A Morgan Hill woman told police she was worried a mountain lion
she had encountered on Sunday killed one of her dogs.
A Morgan Hill woman told police she was worried a mountain lion she had encountered on Sunday killed one of her dogs.
According to Morgan Hill Police Cpl. Melinda Zen, Davlyn Giovanetti and her three dogs, a pointer, a collie and a Shetland Sheepdog, were out for a walk in the same neighborhood where a mountain lion and her cub have a lair and were seen several times earlier this year. Giovanetti let the dogs off leash so they could run, but they caught the scent of something and took off.
When only the pointer and the collie returned, Giovanetti went walking in a dry creek bed to look for the 2-year-old Sheltie – which resembles a small collie – and she came upon a full-grown mountain lion about 30 feet away.
“It was a harrowing experience,” Davlyn Giovanetti said. “I was so worried because my dog just doesn’t do this (run away).”
Giovanetti said she has had other encounters with lions and was quite sure it was a mountain lion, not a bobcat.

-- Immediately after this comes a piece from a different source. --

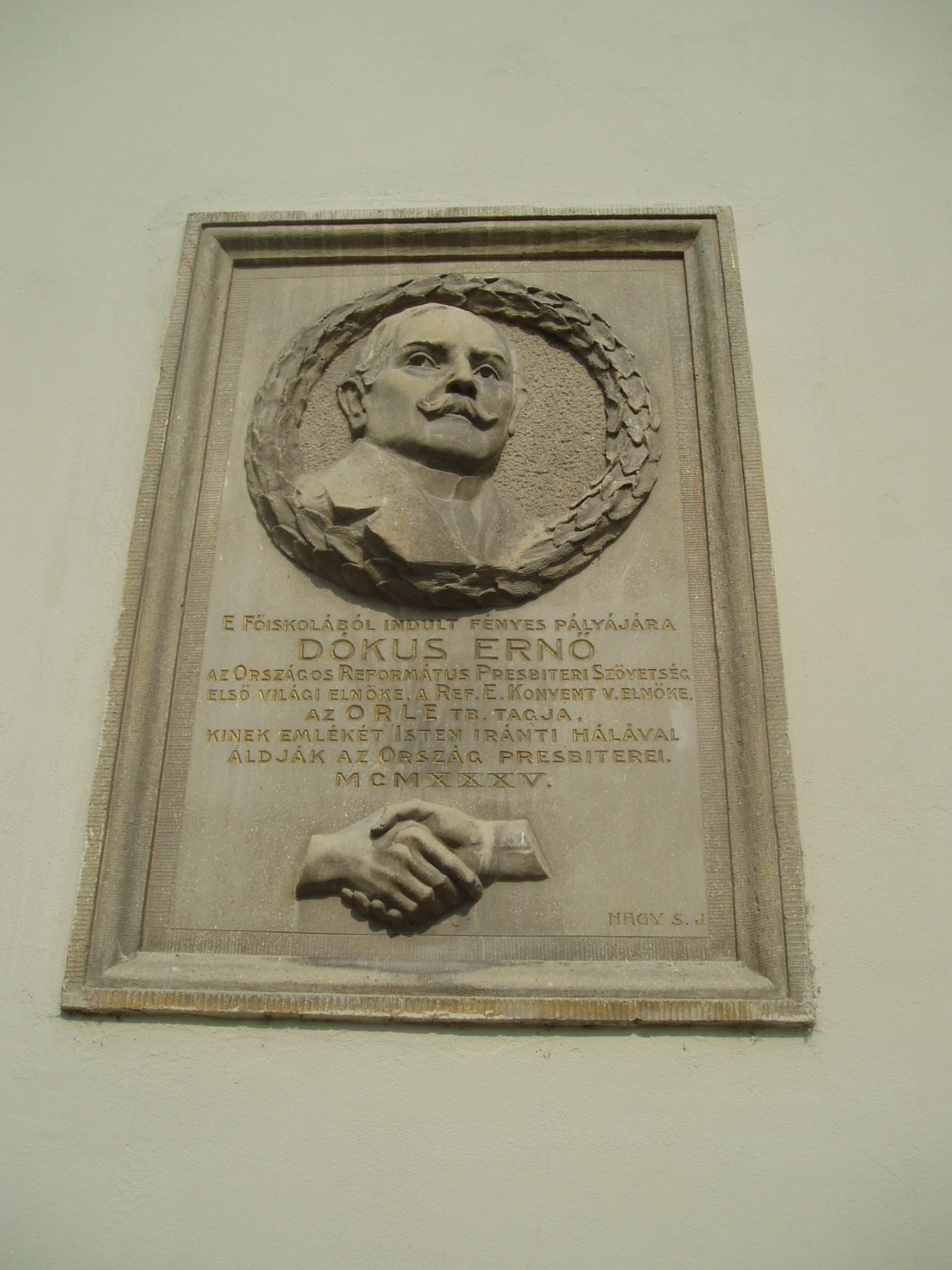 Nyilvános 1074 | 1619 | Sárospatak, Rákóczi utca 1. Református Kollégium | A kollégium főépülete, a Nagy Kollégium a Rákóczi út északi végén található, mely 1804–1814 között korai klasszicista stílusban épült. Szép ráccsal ellátott, háromíves nyílású kapuzat vezet be az un. „nagyportá”-ba, amelyet két sor vaskos pillér három hajóra oszt. Kétoldalt a falakon az iskolatörténet néhány fontosabb eseményének, illetve a kollégium nagy alakjainak domborművű ábrázolásait helyezték el. A képen Dókus Ernő egykori pataki diák, az Országos Református Presbiteri Szövetség első világi elnöke domborműves emléktáblája látható. A fénykép 2007 augusztusában készült. Felh. irod.: Détsy Mihály: Sárospatak. Bp. Corvina, 1974 Látnivalók Borsod-Abaúj-Zemplén megyében. Miskolc, Well-PRess, 1995 www.sarospatak.hu/nevezetessegek |

Police agree it probably was a mountain loin, according MHPD Lt. Terrie Booten, and Giovanetti was lucky the situation didn’t get worse.
“She did all the wrong things,” Booten said. “She backed away and crouched behind a bush.”
State Fish and Game Warden Kyle Kroll, who was called to the scene Sunday, agreed with Booten.
“If you come upon a mountain lion, you should make yourself as big and as noisy as possible,” Kroll said. “Hunkering down makes you look like prey and invites an attack – jumping up and down could scare the lion and make it run away.”
The lion looked at Giovanetti, Kroll said, and walked off, not attempting an attack. After she called police on her cell phone at 12:19 p.m., they combed the area looking for the lion, the dog or any evidence of a confrontation.
Kroll said he thought the dog may have been hiding scared somewhere and would possibly show up. Giovenetti’s Sheltie returned home early Monday morning.
Shortly after Giovanetti called police, a neighbor of hers told Kroll he was walking across a small bridge on his property, on his way to an observatory, when he noticed something dark under the bridge.
“At first he thought it was a fox,” Kroll said, “but since it did not have a bushy tail he thought it was probably a lion cub.”
The cub ran into a nearby culvert, about 12 inches in diameter; neighbors piled rocks at the opening, which Kroll later removed.
“I wasn’t sure if the cub was still there,” Kroll said, “but I moved the rocks so it could meet up with its mother after everything calmed down.”
Kroll advised pet owners in mountain lion territory, similar to Morgan Hill’s eastern and western hills, to bring dogs and cats in at night and during dusk and dawn, prime lion hunting times.
In late March this year, police found three cubs in the back yard of a house near Llagas and Hale avenues, next to Shadow Mountain School.
One was tranquilized and released in the back country, a second escaped and was hit by a car and killed and the third was shot and killed because it tried to claw through the screen door of a house. Morgan Hill police received many angry calls, e-mails and letters accusing them of unacceptable cruelty to the cats but Fish and Game wardens said the police acted responsibly. The incident gained attention nationwide.
Mountain lion experts said the increasing encounters between lions and humans is caused by residential areas pushing further into the lions’ territory.